*** Available data ***
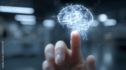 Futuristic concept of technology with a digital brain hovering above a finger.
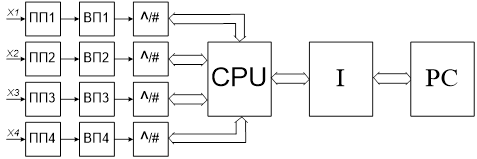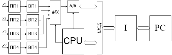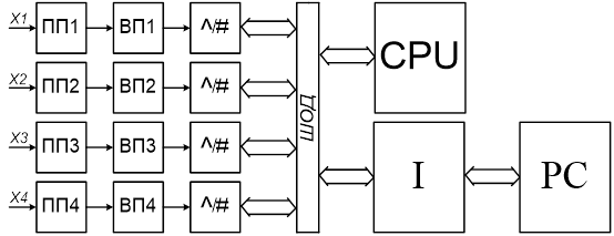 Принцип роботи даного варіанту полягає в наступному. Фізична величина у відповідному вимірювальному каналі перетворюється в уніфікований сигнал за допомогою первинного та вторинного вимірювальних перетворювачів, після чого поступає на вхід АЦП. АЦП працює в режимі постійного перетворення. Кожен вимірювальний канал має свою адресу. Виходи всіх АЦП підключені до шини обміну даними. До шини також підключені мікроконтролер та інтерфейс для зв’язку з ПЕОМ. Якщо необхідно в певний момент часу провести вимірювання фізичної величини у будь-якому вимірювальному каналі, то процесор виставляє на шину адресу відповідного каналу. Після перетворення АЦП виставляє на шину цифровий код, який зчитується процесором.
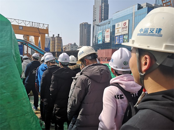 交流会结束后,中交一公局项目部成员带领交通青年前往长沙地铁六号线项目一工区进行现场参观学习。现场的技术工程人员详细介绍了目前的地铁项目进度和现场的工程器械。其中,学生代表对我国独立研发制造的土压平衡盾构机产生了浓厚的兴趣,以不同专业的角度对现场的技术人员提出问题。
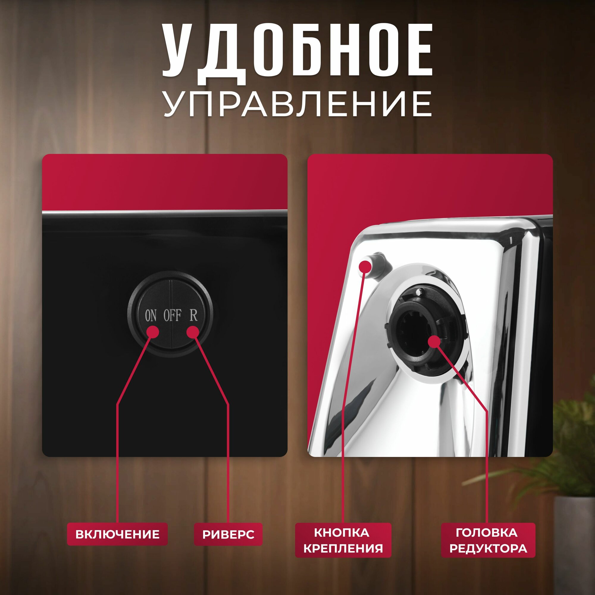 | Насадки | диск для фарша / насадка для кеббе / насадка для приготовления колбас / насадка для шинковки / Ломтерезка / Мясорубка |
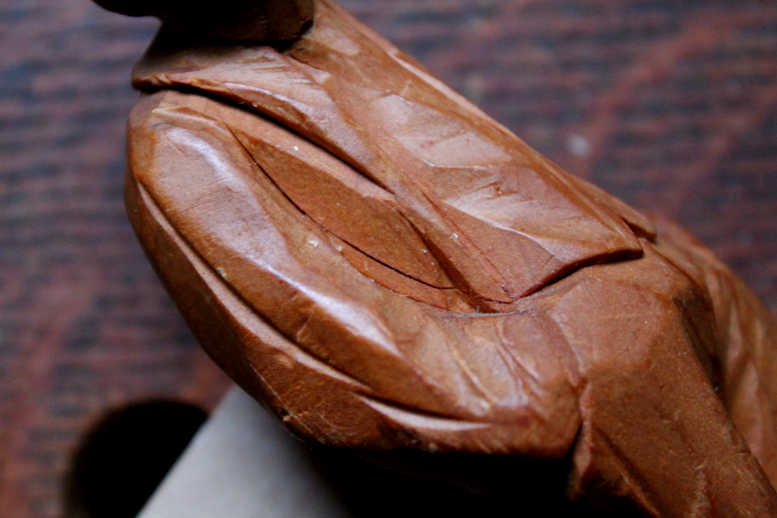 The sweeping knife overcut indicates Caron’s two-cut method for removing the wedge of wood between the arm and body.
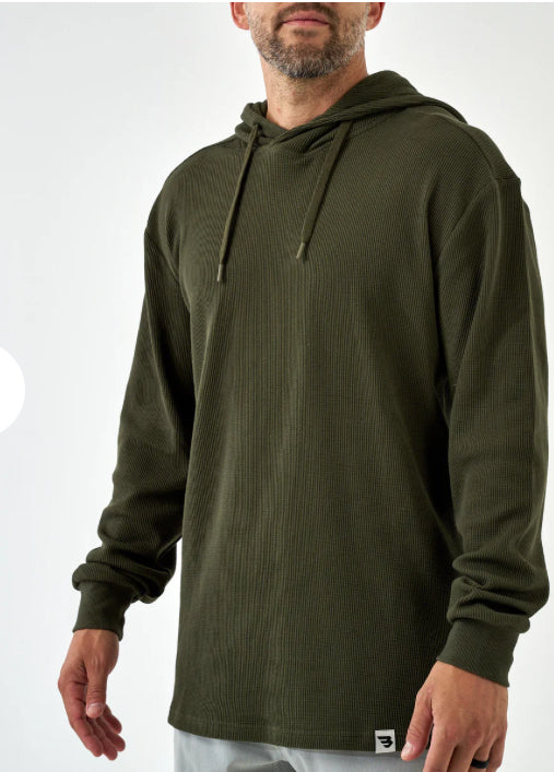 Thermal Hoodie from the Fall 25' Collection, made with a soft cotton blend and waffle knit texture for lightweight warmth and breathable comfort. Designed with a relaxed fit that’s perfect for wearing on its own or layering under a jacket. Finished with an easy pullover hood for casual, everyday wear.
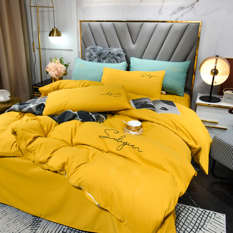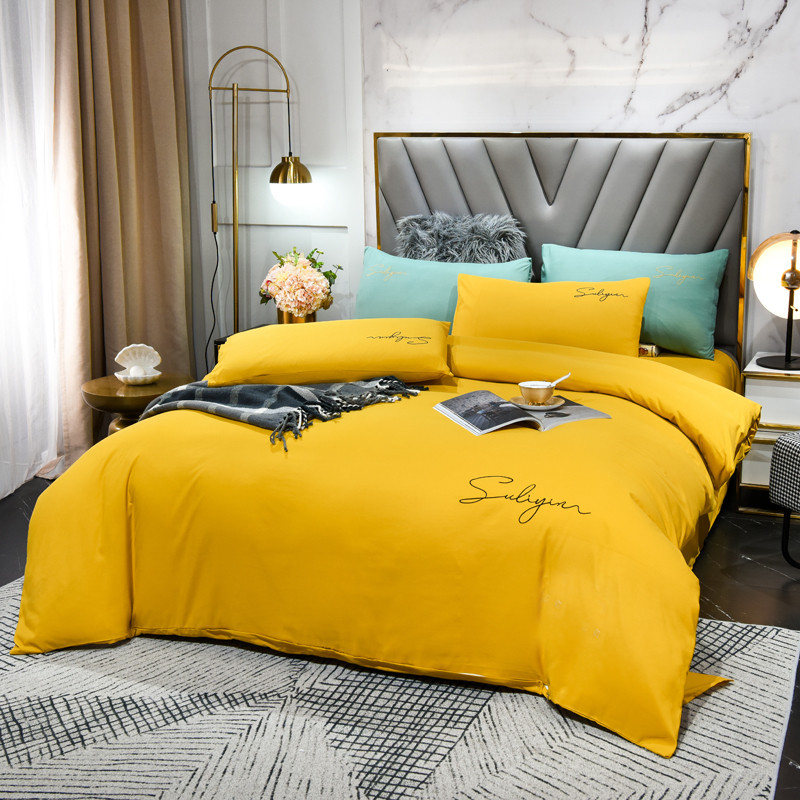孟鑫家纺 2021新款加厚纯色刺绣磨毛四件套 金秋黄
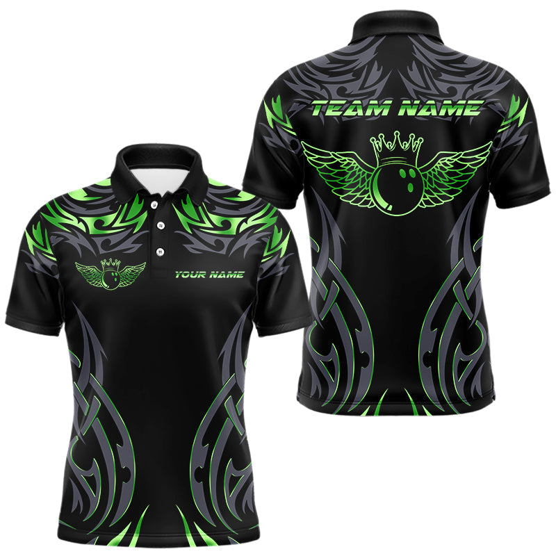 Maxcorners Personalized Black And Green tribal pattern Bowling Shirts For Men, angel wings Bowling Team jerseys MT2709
*** End of Available data ***
Give back the exact lines above, running from the one that has "交流会结束后,中交一公局项目" through the one that has "Ломтерезка / Мясорубка |", with nothing added and no pictures.

_Answer box_
 交流会结束后,中交一公局项目部成员带领交通青年前往长沙地铁六号线项目一工区进行现场参观学习。现场的技术工程人员详细介绍了目前的地铁项目进度和现场的工程器械。其中,学生代表对我国独立研发制造的土压平衡盾构机产生了浓厚的兴趣,以不同专业的角度对现场的技术人员提出问题。
 | Насадки | диск для фарша / насадка для кеббе / насадка для приготовления колбас / насадка для шинковки / Ломтерезка / Мясорубка |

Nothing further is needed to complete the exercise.